- PROBLEM STATEMENT -
Your copy of the listing should be exact and should contain no pictures.

INPUT DATA Block Start

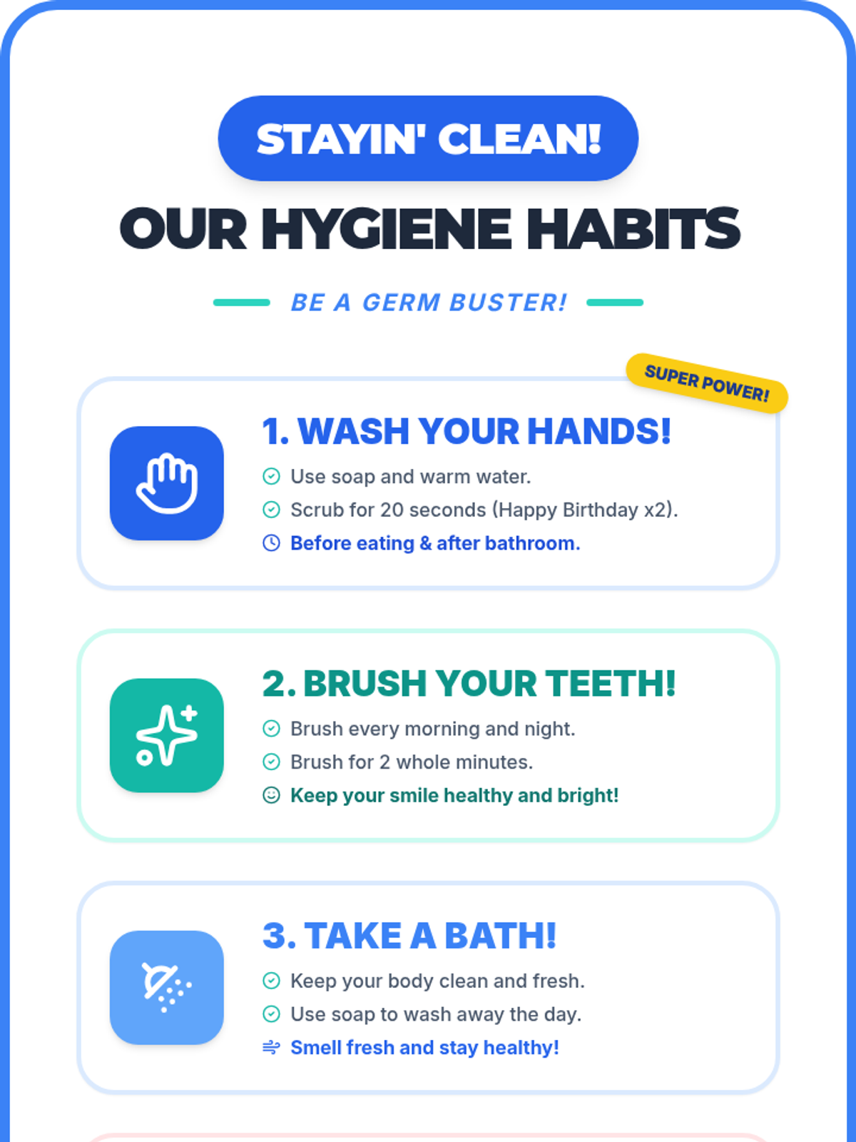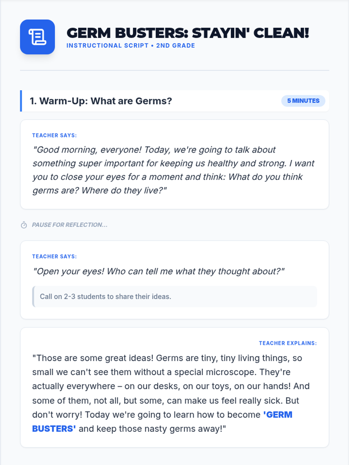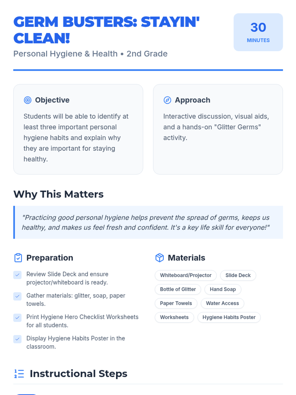 A 30-minute lesson for 2nd graders on personal hygiene habits, using a 'Germ Busters' theme to teach handwashing, teeth brushing, and more.
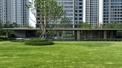 开阔浪漫的草坪空间更是 拍婚纱照和草坪婚礼的绝佳场地,业主可以在家楼下记录最甜蜜的时刻;草坪两侧设置两 排发呆亭,业主们在这里发呆闲聊,在自然中晾晒身心,自然就放松下来。
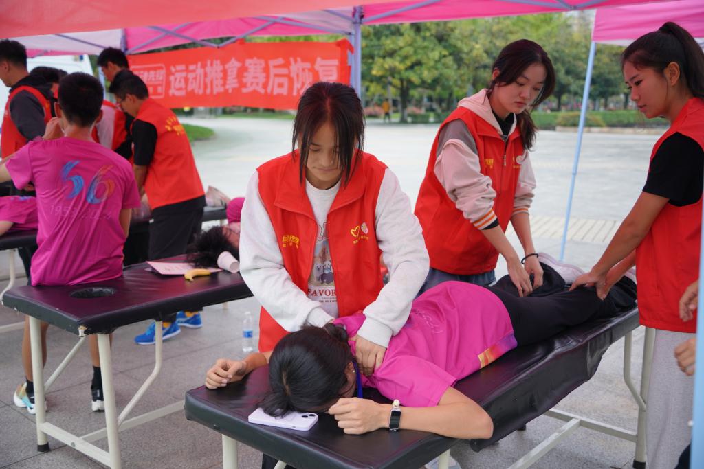 “跑完6.6公里就可以發(fā)朋友圈了!”“每一步都是堅持,每一刻都是榮耀!”比賽沿途懸掛了各式各樣的橫幅,寫滿了激情與趣味兼具的口號,為整個比賽營造了濃厚的氛圍。沿途設置多個物資補給站,志愿者們熱情地為參賽者提供能量飲料、水果等補給品,確保每位選手以最飽滿的狀態(tài)前進。比賽還為參賽者準備了暖心且全方位的后勤保障服務。賽道旁,攝影、醫(yī)療、安保等賽事服務齊全,力求使每一位參賽者體會到體育運動鍛煉體格、振奮精神的魅力。

INPUT DATA Block End

- YOUR RESPONSE -
 A 30-minute lesson for 2nd graders on personal hygiene habits, using a 'Germ Busters' theme to teach handwashing, teeth brushing, and more.
 开阔浪漫的草坪空间更是 拍婚纱照和草坪婚礼的绝佳场地,业主可以在家楼下记录最甜蜜的时刻;草坪两侧设置两 排发呆亭,业主们在这里发呆闲聊,在自然中晾晒身心,自然就放松下来。
 “跑完6.6公里就可以發(fā)朋友圈了!”“每一步都是堅持,每一刻都是榮耀!”比賽沿途懸掛了各式各樣的橫幅,寫滿了激情與趣味兼具的口號,為整個比賽營造了濃厚的氛圍。沿途設置多個物資補給站,志愿者們熱情地為參賽者提供能量飲料、水果等補給品,確保每位選手以最飽滿的狀態(tài)前進。比賽還為參賽者準備了暖心且全方位的后勤保障服務。賽道旁,攝影、醫(yī)療、安保等賽事服務齊全,力求使每一位參賽者體會到體育運動鍛煉體格、振奮精神的魅力。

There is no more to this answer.